For the pipeline industry, Osborn suggests that economics will drive the Energy Transition.

“It has to be economically feasible to invest in projects,” he says. “We’re going to be very interested and very dialed in watching the economics of the Energy Transition and how that plays into new markets, such as carbon capture, hydrogen and renewables. Will it depend on government subsidies? How is it going to be funded? Or will it become economical? If these new energy sources can maintain or become more commercially viable, then that will be the driver for the pipeline industry.

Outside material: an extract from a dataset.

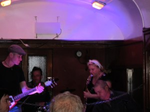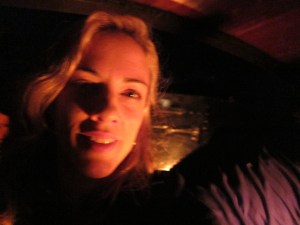 As a glamorous DJ spins ‘Smokey Joe’s Cafe’ and ‘One Bourbon, One Scotch, One Beer’, we’re urged to eat biscuits and candy canes, until there are crumbs all over my depiction of Dolores’ perfect ski-jump nose.

I also think the industry is going to be driven more by politics.”

Eastway adds that in the near-term government subsidies will provide opportunities for contractors in the
Energy Transition.

“With various government financial investments occurring in renewable energy, including the Biden administration’s Infrastructure Bill that was signed in November 2021, there is ample money being made available over the next five years for renewable infrastructure,” Eastway says.

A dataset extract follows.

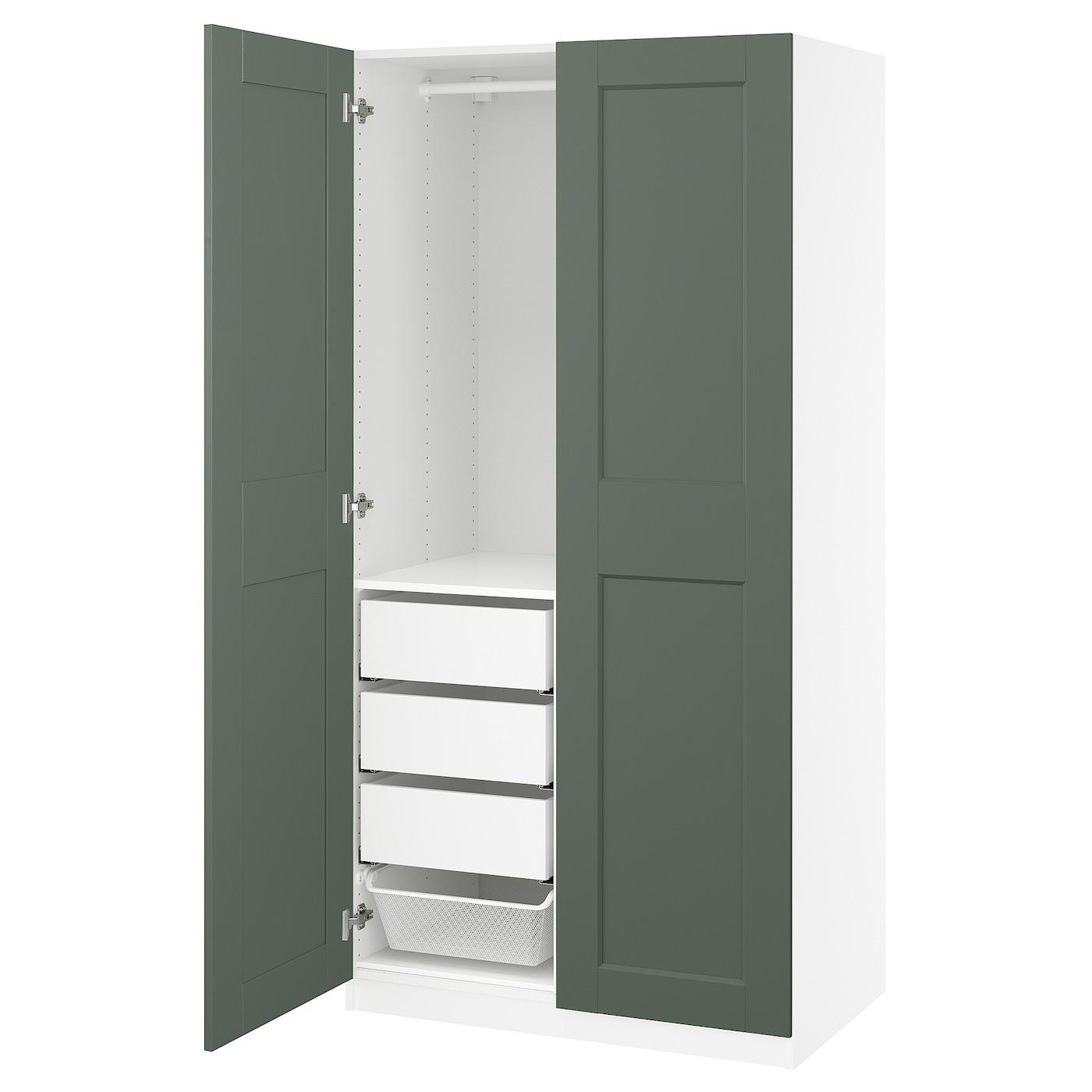 гардероб, комбинация, белый/серо-зеленый, 100x60x201 см

Furthermore, Eastway suggests that traditional pipelines will also continue to be built.

“I still believe that we will be constructing pipelines, as we will not ween our society off of oil and gas,” Eastway says, referring to the use of plastics in a majority of everyday products and the need for natural gas heating in the Midwest, Northeast and other colder climes. “New pipelines will still be built, just in fewer and fewer numbers. Pipeline maintenance and updates as older infrastructure ages out will be a key market in the coming decades.”

The biggest challenge for pipeline contractors when it comes to the Energy Transition is how to adapt to the changes in the industry.

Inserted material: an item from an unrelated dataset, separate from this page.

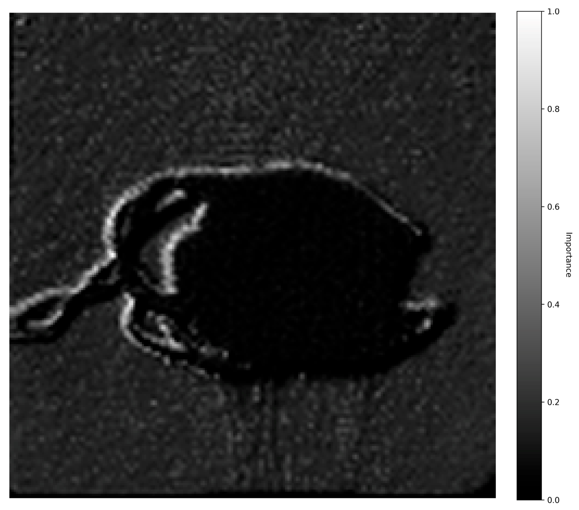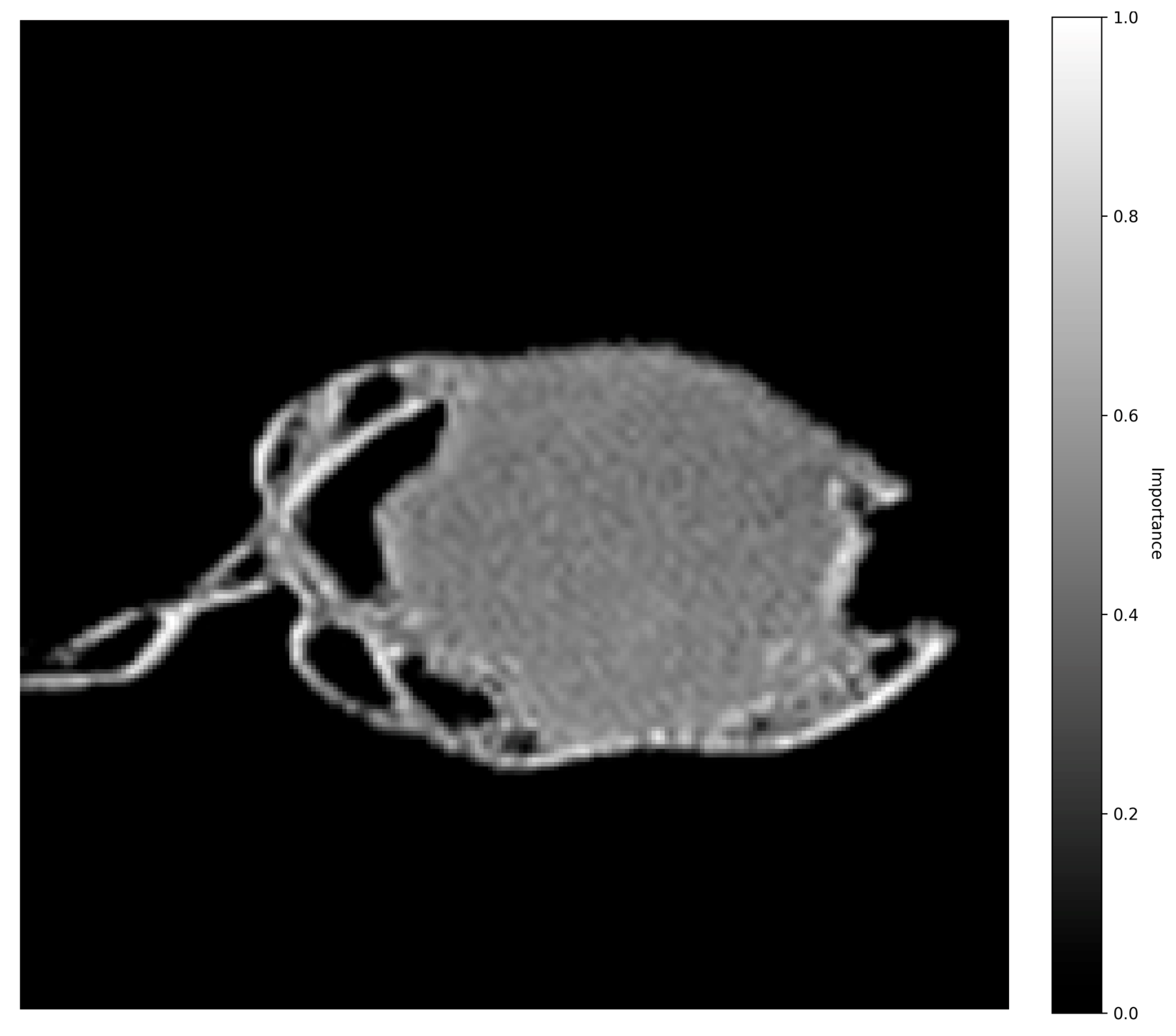 Figure 8 represent gradient-based saliency maps of the CNN, where the ‘importance’ axis quantifies the gradient-weighted contribution of each pixel to the model’s prediction of dissolved API percentage (Q%). Notably, activation was also observed on the stainless-steel tablet holder visible in the images. While the mechanistic basis of this activation requires further investigation, it may reflect the model using the static bracket as a spatial reference against which tablet boundary changes are implicitly quantified. Overall, the Grad-CAM activation patterns are presented as model-transparency findings confirming that the CNN attends to physically plausible image regions. The 520 nm core activations are qualitatively consistent with the established role of the visible channel in detecting matrix structural changes through refractive index contrast [

“We need to be able to adjust to the markets, and figure out ways to utilize our knowledge, equipment and personnel in those new markets,” Eastway says. “We may not be welding and stringing/lowering steel pipe, but we may be trenching and laying other types of energy infrastructure.”

Eastway and Osborn both agree that diversifying business will be key for contractors in the future to secure business in markets beyond oil and gas.

While the market outlook for the pipeline industry may be “less than ideal for traditional oil and gas,” Eastway says, “but there are similar opportunities out there if companies are willing to adjust and pursue non-traditional pipeline work” in the years ahead.

“Pipelines simply move energy from where it is created to where it is needed. That does not limit the pipeline industry to oil and gas only,” Eastway says. “We can figure out ways to move power created by more sustainable methods from point A to point B. But just as when North American Oil & Gas Pipelines changed their name to North American Energy Pipelines, I believe the pipeline industry needs to evolve toward more of a ‘Energy Transmission’ industry.”

Osborn feels optimistic about the future for the pipeline industry and the Energy Transition.
“There will be work out there, but I think it will be competitive,” he says. “The contractors that are successful will be the ones who adapt to change. There will continue to be more scrutiny around safety and pipeline integrity. Everyone has to up their game.”

Osborn adds that contractors also may be asked by clients about their environmental, sustainability and governance (ESG) efforts.

“That’s been a big focus of ours, and that kind of increases costs to have that expertise in-house to monitor and track improvements,” Osborn says. “It’s important to clients, and it could also become a requirement if the government gets involved. There are always going to be more compliance issues with lowering emissions, and we’re already seeing that with equipment. The Energy Transition is going to take investment from all parties.”